The key here was the Jamaican government’s buy-back of large chunks of its outstanding debt. That move signaled to foreign and domestic companies that the government was serious about creating a stable environment for investment. Admittedly, this is a high-risk strategy, and it may not be appropriate for all highly indebted middle-income countries, especially those where entrepreneurship or an active diaspora are in short supply.

There are still economic risks. The government must stimulate private investment because, in buying back debt, it is diverting much of its budget from potentially productive investments. If the surge in private investment does not materialize, there will not be a sufficient uptick in growth to escape another downturn. The other risk is political. The PNP government that agreed to and implemented the IMF’s austerity program was voted out of office early this year, just when its successes were beginning to take hold.

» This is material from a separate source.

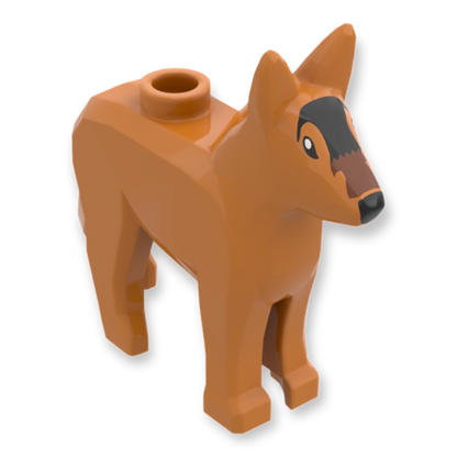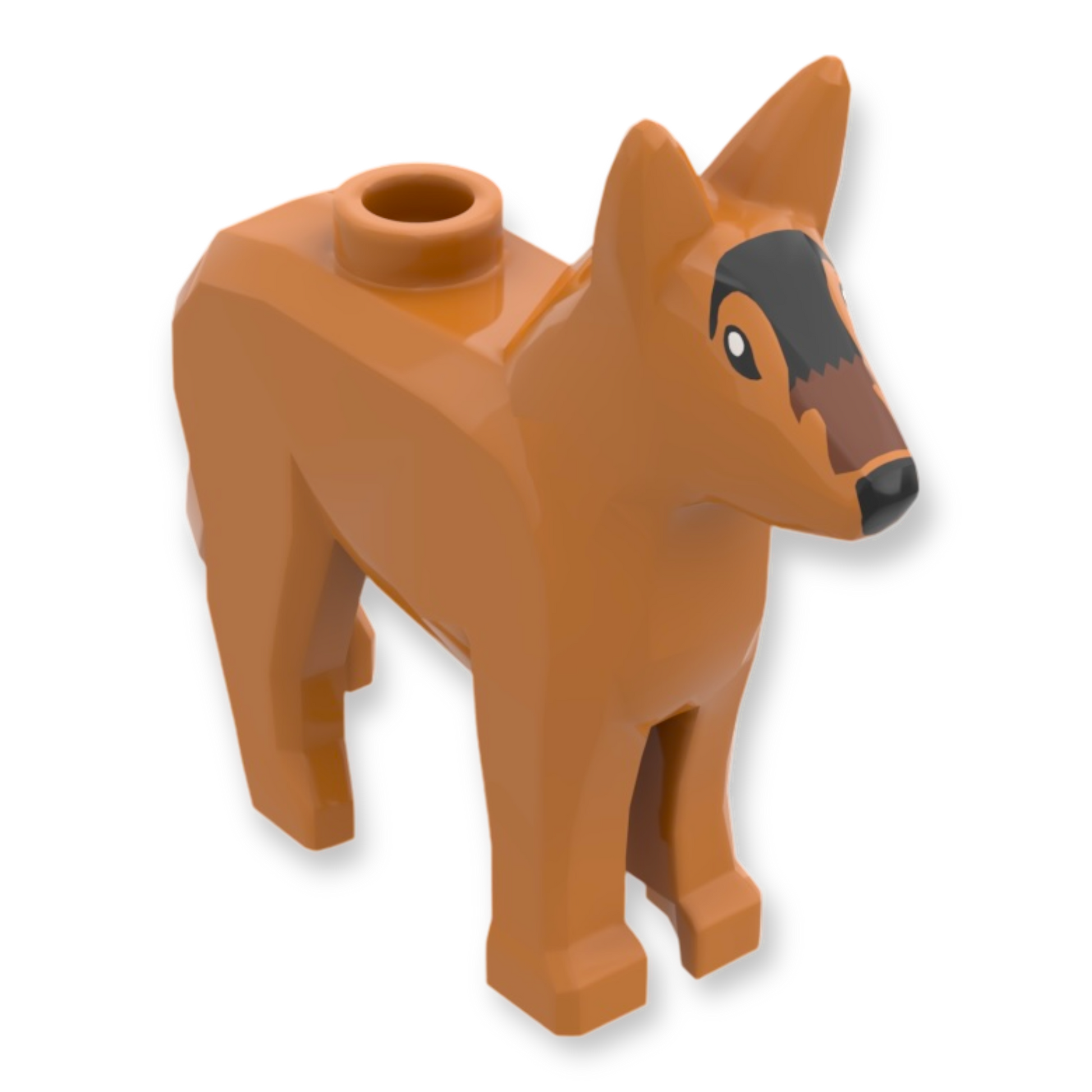 LEGO® Hund – Deutscher Schäferhund mit schwarzem Augen-, Nasen- und Stirnstreifen-Aufdruck sowie dunkelbrauner Schnauze – Ein treuer Begleiter für deine LEGO® Minifiguren

But what of the initiative proposed recently by highly indebted middle-income countries to give them access to outside development assistance, thus avoiding all the pain associated with IMF-led stabilization programs? Jamaican Prime Minister Andrew Holness urged U.N. members to back the proposal during the General Assembly last month, which could allow Jamaica and other countries to receive economic lifelines through favorable investment, trade, technology transfer and energy deals. But is this a more efficient way to jump-start growth and development? Probably not, especially if the assistance does not induce the reforms and internal cooperation that Jamaica, with its back to the wall and out of options, had to implement.

Robert Looney is a distinguished professor at the Naval Postgraduate School in Monterey, California. He specializes in issues relating to energy security and economic development in the Middle East, Africa, South Asia and Latin America.